Deconstructing "The Child"
At a particular moment in the late nineteenth century, Anglo-American culture began to sever the notion of children as an age-bound group from the romanticized figure of “the child.” That severance took a serious degree of violence to pull off. Paeans of innocence and sentimentality had naturalized dependency and property relations, and Victorians called this violent form of attachment love, whose site was the bourgeois family. This sanctification of modern, precious childhood was achieved in metropoles like London and New York City by unleashing some of the largest projects of death and alienation the world had ever seen. Poor children were worked to death in the factories. Black and Indigenous children in settler colonies were barred from the protectable status of the child through incarceration and planned genocide—a tradition that continues to this day. Little reaches more nauseating contradiction in the colonial and capitalist present than the putative care for children. The very notion of care naturalizes the material and psychic dehumanization of children as fundamentally inferior people undeserving of respect. Perhaps unbelievably, the many harms done to children in the name of care are conventionally rationalized as part of loving them. This historical domestication of children is a record of primitive accumulation: the sexualizing and racializing practices that have robbed them of their bodies, minds, and souls, covered over by the idolatry of that squeaky-clean thing we call the child.[1]
Childhood may be one of the only socially degraded statuses that, in theory, every person passes through. No wonder, then, that psychoanalysis should have discovered the apparent amnesia about it in adults. Somehow, once it becomes memory, we ironically cannot remember what it really felt like to be children in the present tense.[2] (To which we might respond, of course, who would want to remember that?) But in truth, we know that many groups of people are structurally deprived of anything like a childhood in the first place, or they experience infantilization throughout their lives. These are two of the many denials effected by the ideology of the child. Childhood is only shared retrospectively by those adults who made it out. Some of us face population-level killing projects directed intentionally at Black children, Indigenous children, disabled children, migrant children, trans children, and poor children because we are most vulnerable in childhood. From this position, we might reframe the psychoanalytic etching of trauma’s deferred structure as the practical matter of having survived childhoods that were not childhoods at all.[3] Call us un-children. It’s an ugly phrase, and I don’t know if the mark wears with age.

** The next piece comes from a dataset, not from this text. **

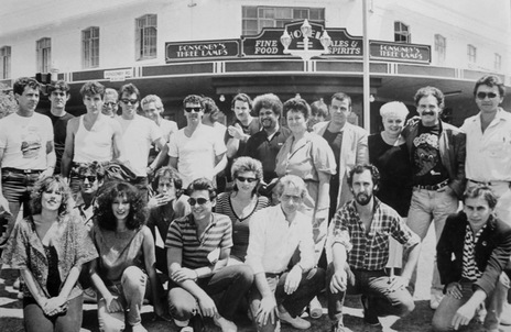 Assorted bands that trod the stage upstairs at The Gluepot, circa 1985. Amongst the faces are Hello Sailor, promoter Mike Corless, Beaver, Josie Rika, Hattie St. John, Hello Sailor's manager David Gapes, Rick Bryant, Trudi Green and Sam Ford of The Neighbours, Neil Edwards, Phyllis, booker Eddie Cook and Hammond Gamble.
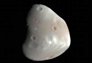 Kolorowe zdjęcie Fobosa, większego z dwóch księżyców Marsa, wykonane przez sondę Mars Express z odległości mniejszej niż 200 km. Poza kraterami uderzeniowymi widoczne są także regularne, równoległe bruzdy na powierzchni. Pokrywają niemal cały księżyc, przecinając przy tym przeważającą część większych kraterów. Nie wiadomo jeszcze jednoznacznie, czy są to rysy powstałe wskutek uderzeń odłamków skalnych, czy też ślady silnych oddziaływań pływowych między Marsem a Fobosem mogące wywołać naprężenia wewnątrz księżyca

I have come out swinging on purpose, not out of a surplus of certainty or a defensive insecurity. The sentimental ideology around children has left critics of the concept of the child with the difficult task of convincing readers they should question deeply rooted inequities that have shaped them inside-out from birth, if not long prior. Perhaps I was primed to become a scholar of childhood because my own was so convincingly inadequate to its stated function of nurturing my growth into something desirable. Like many of the un-children I have invoked, I never much felt myself to coincide with the category. Precocity was first and foremost a response to the threats forming my environment even before I had language for them. Repeated flashes hardened my nervous system through the originary insult of being called a faggot, or a white teacher not letting my turbaned grandfather pick me up after school because she didn’t believe we could be related. With time, by sacrificing something I could not yet consciously entertain, I was able to jury-rig precocious exposure into an inverse escape velocity. In a comparably safer adulthood, I could finally say out loud the things I wanted, like womanhood. And in writing a book about the remarkable transgender kids whose childhoods many decades before mine were nothing like mine, I became convinced that the main feature of the child is to wish away the inconvenience that almost no children qualify for its embrace. Its arithmetic is the stuff of the 1 percent.

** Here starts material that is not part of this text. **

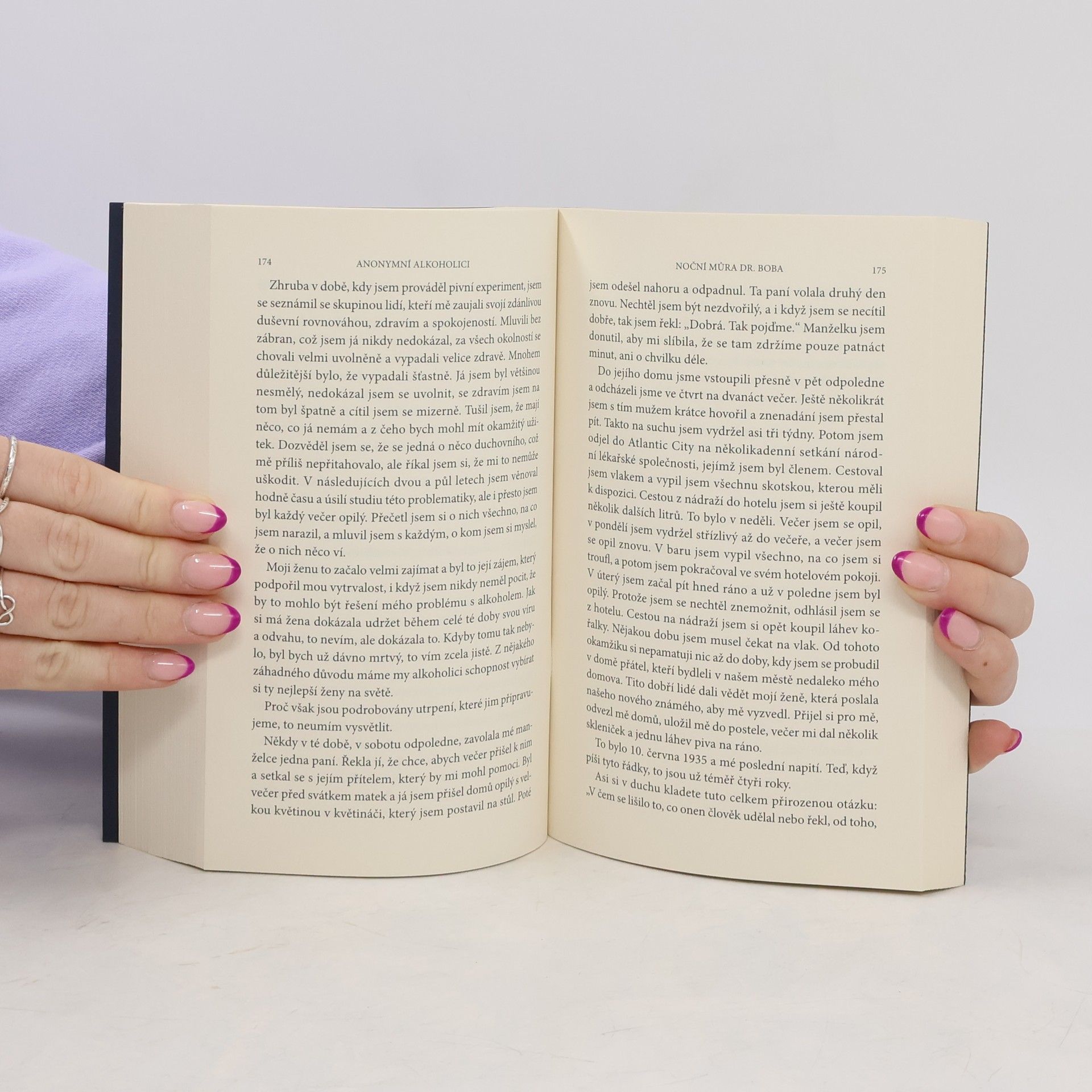 Překlad původního vydání textu z roku 1939 (4 roky poté,co bylo společenství AA založeno) nabízí jednoduchý i zajímavý,léty pravděpodobně i ověřený návod na léč- bu alkoholismu.Informuje o příčinách a podstatě alkoholismu,který je velmi závaž- nou chorobou,vysvětluje psychologii alkoholika a ukazuje,jak jednoduše AA pomáhá už léta šířit tyto informace po celém světě.Princip léčby spočívá v dodržování úplné abstinence,změně dosavadních návyků a přátel a podstatné motivaci pro nový život bez alkoholu.Zvláštní kapitoly jsou věnovány manželkám,dětem a zaměstnavate- lům alkoholiků.Kniha je doplněna životními osudy dvou zakládajících členů AA.
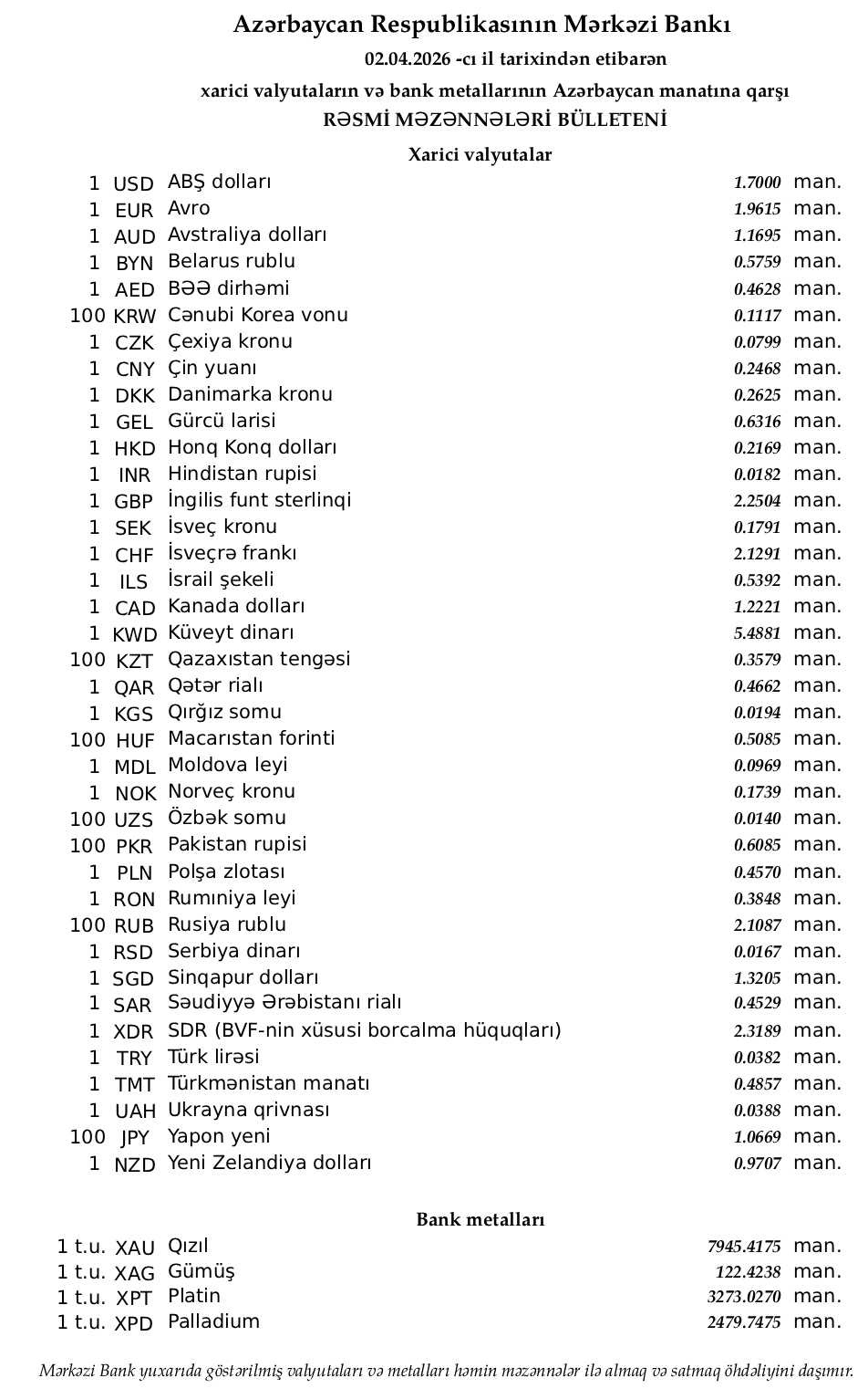 Rəsmi məzənnələr açıqlandı 02.04.2026 tarixindən etibarənRəsmi məzənnələr açıqlandı

The contemporary crises of the present lay bare that inadequacy in painfully dramatic fashion. In the United States alone, we know Black children can be killed with impunity by the police. We know trans children can be forcibly detransitioned and encouraged to kill themselves; we know migrant children can be ripped from their parents’ arms and locked up; and we know grade school children can be gunned down with assault rifles. That horrific knowledge, however, does not guarantee anything will improve for those children. In fact, it seems more like each of these kinds of children must be harmed to sustain something deemed more important, like mass incarceration, the moral purity of the Christian state, the sovereign integrity of the border, or the right of white people to stockpile weapons. Buckling under the spectacular cruelty of these rationalizations, stymied by world-historical levels of income inequality and a planetary climate crisis, and fearful of the fallacy that anyone could possibly parent their way out of such a situation, the generation coming of age today is often described as trying not to have children. Meanwhile, another cohort, increasingly with the backing of the state, legally compels gestation and birthing. No one may withdraw their desire from reproduction to the inverse extent that un-children must be culled.